River City Roller Derby
- Metro area: Richmond, Virginia
- Country: United States
- Founded: 2006
- Teams: River City Riot River City River Rats Poe's Punishers Hollywood Undertakers
- Track type: Flat
- Venue: Greater Richmond Convention Center
- Affiliations: WFTDA
- Org. type: 501(c)(3)
- Website: rivercityrollerderby.com

= River City Roller Derby =

Roller derby league

River City Roller Derby (RCRD) is a women's flat track roller derby league based in Richmond, Virginia. The league was established in 2006 and is composed of five teams: River City Riot, River City River Rats, River City Reapers, Hollywood Undertakers, and Poe's Punishers. The Riots and Rats skate in black and neon green.

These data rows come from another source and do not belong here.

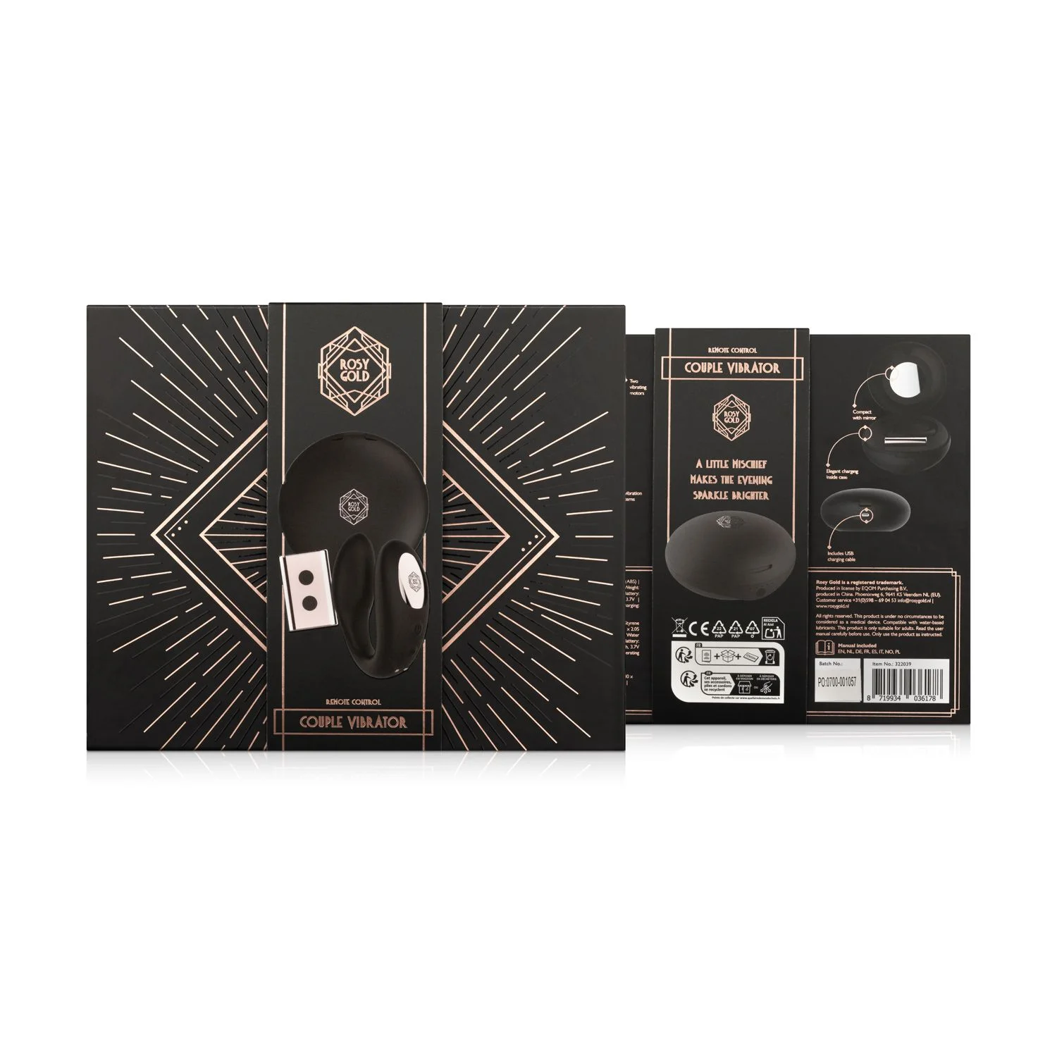 Productinformatie "Rosy Gold – C-Shape Vibrator met Luxe Oplaadcase – Zwart"
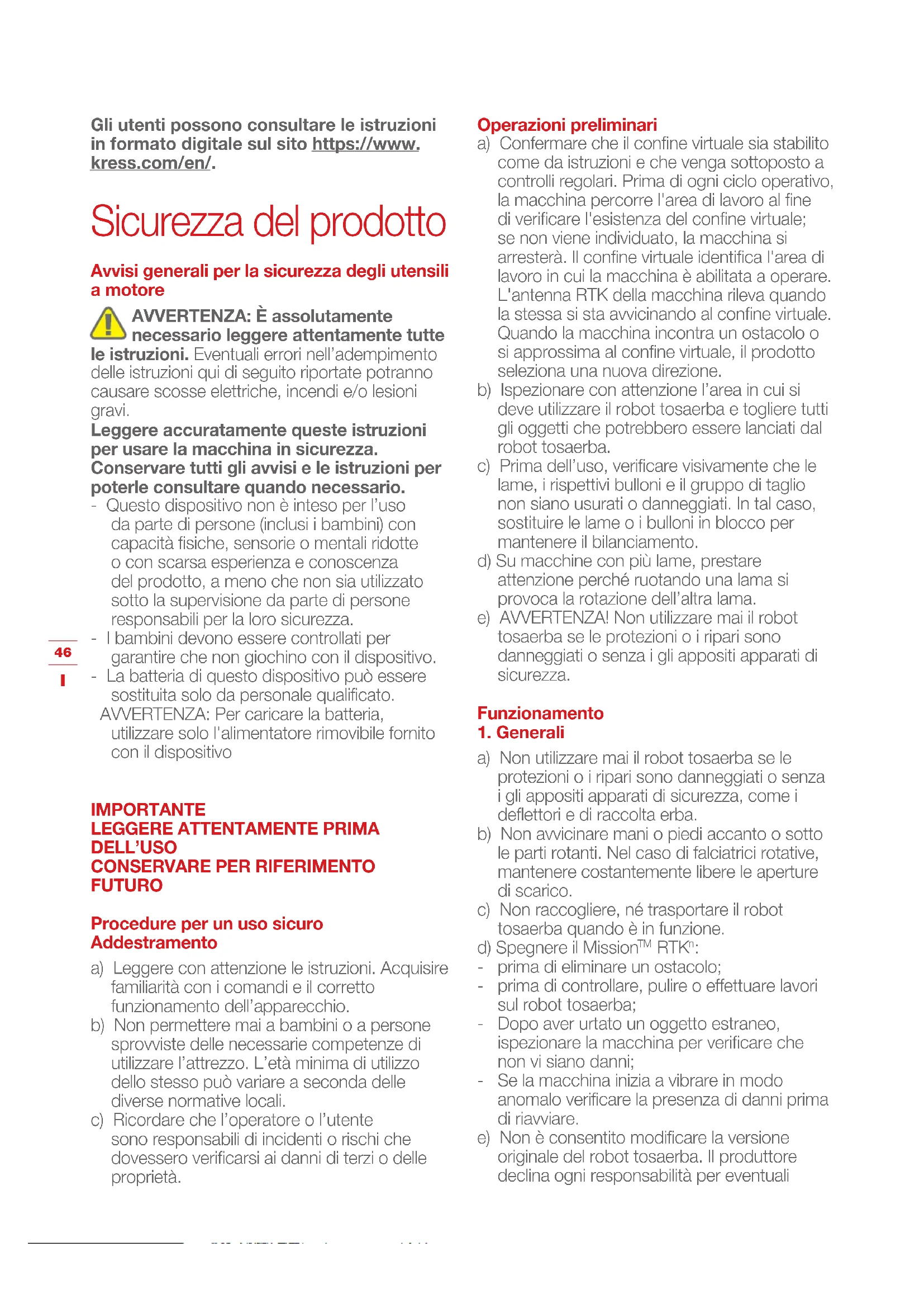 Gli utenti possono consultare le istruzioni in formato digitale sul sito https://www. kress.com/en/. Sicurezza del prodotto Avvisi generali per la sicurezza degli utensili a motore AVVERTENZA: È assolutamente necessario leggere attentamente tutte le istruzioni. Eventuali errori nell’adempimento delle istruzioni qui di seguito riportate potranno causare scosse elettriche, incendi e/o lesioni gravi. Leggere accuratamente queste istruzioni per usare la macchina in sicurezza. Conservare tutti gli avvisi e le istruzioni per poterle consultare quando necessario. - Questo dispositivo non è inteso per l’uso da parte di persone (inclusi i bambini) con capacità fisiche, sensorie o mentali ridotte o con scarsa esperienza e conoscenza del prodotto, a meno che non sia utilizzato sotto la supervisione da parte di persone responsabili per la loro sicurezza. - I bambini devono essere controllati per garantire che non giochino con il dispositivo. - La batteria di questo dispositivo può essere sostituita solo da personale qualificato. AVVERTENZA: Per caricare la batteria, utilizzare solo l'alimentatore rimovibile fornito con il dispositivo IMPORTANTE
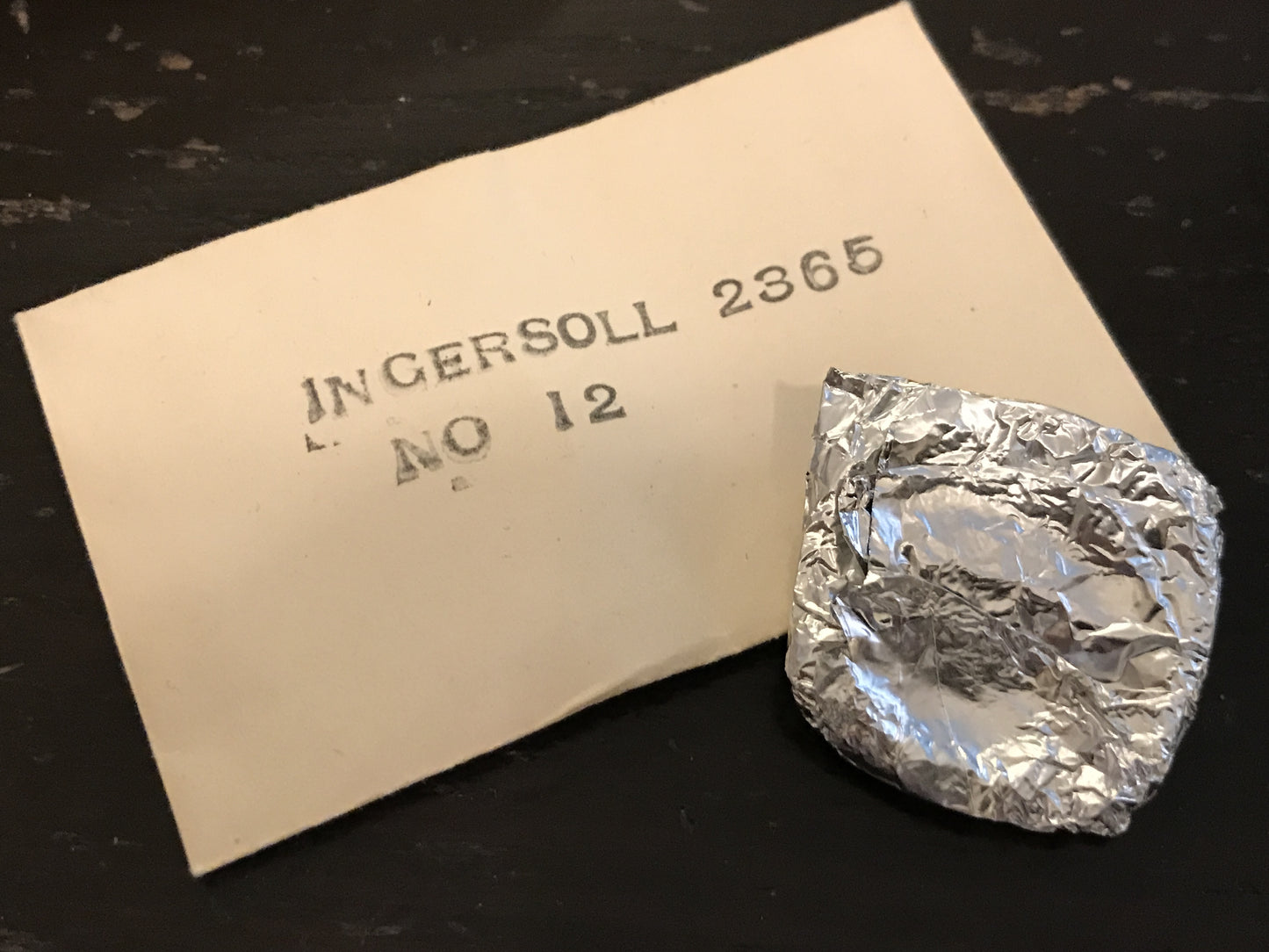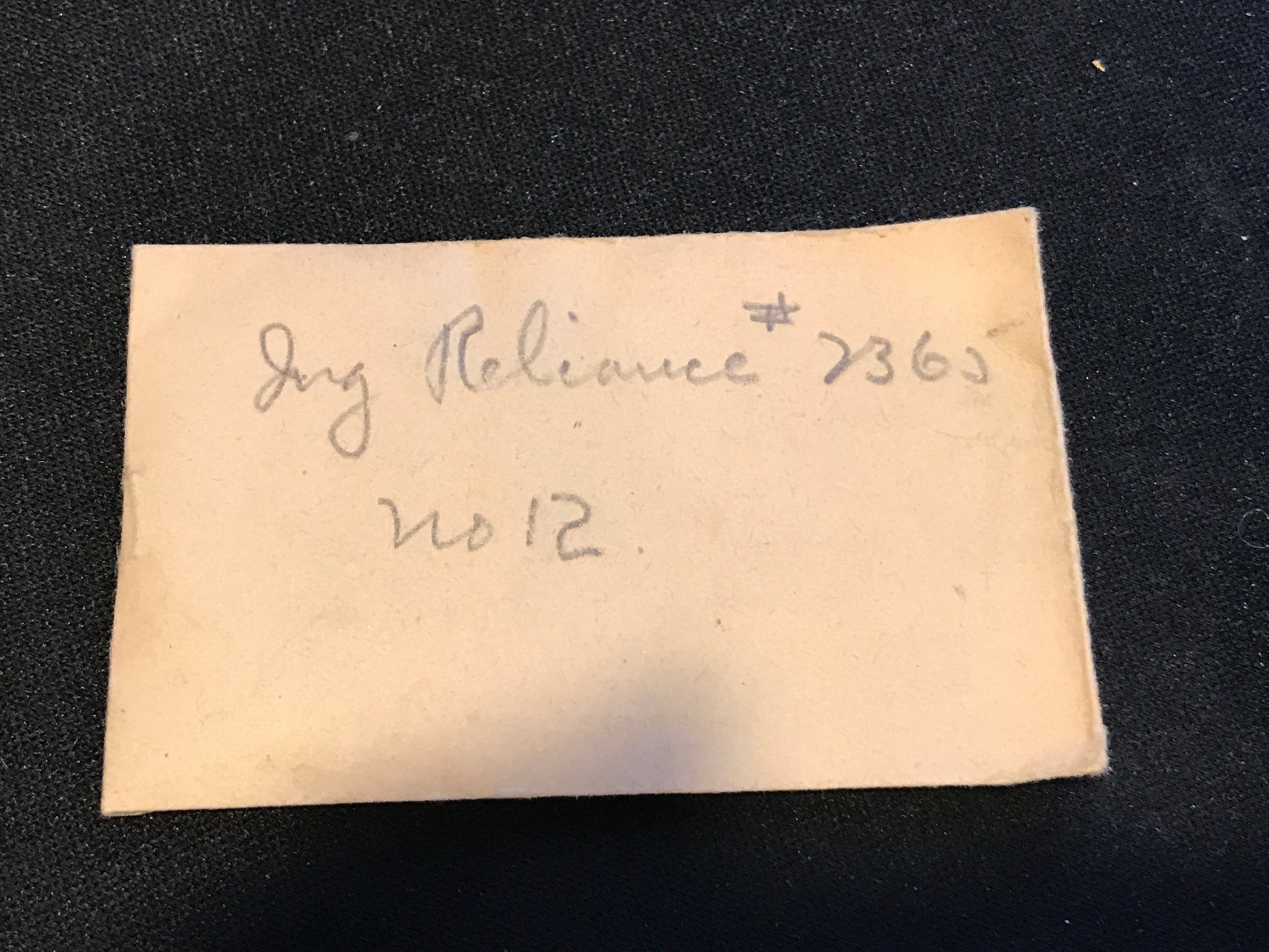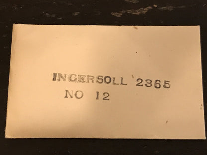 Ingersoll Mainspring for Reliance Pocket Watch, Factory No. 2365, steel, hole end, new in envelope. Measures Dennison 12 x 12-1/2 x 18-1/2. Distributed by Hammel, Riglander & Co in New York, O.R. #12. Could also very well fit in other dollar watches as well. I likely have several of these so the one you get may differ slightly from the images. Images do a satisfactory job of representing the item.

River City is a member of the Women's Flat Track Derby Association (WFTDA).

==All-star teams==
- River City Riot
- First WFTDA certified team to feature two African-American captains: Paris Kills and Scarriett Tubman.
- Features a rookie training program.

| Season | Q4 ranking | Playoffs | Championship |
|---|---|---|---|
| 2010 | 16 | DNQ | DNQ |
| 2011 | 19 | DNQ | DNQ |

==Training team==
- Hollywood Undertakers (red and black)
- Poe's Punishers (purple and black)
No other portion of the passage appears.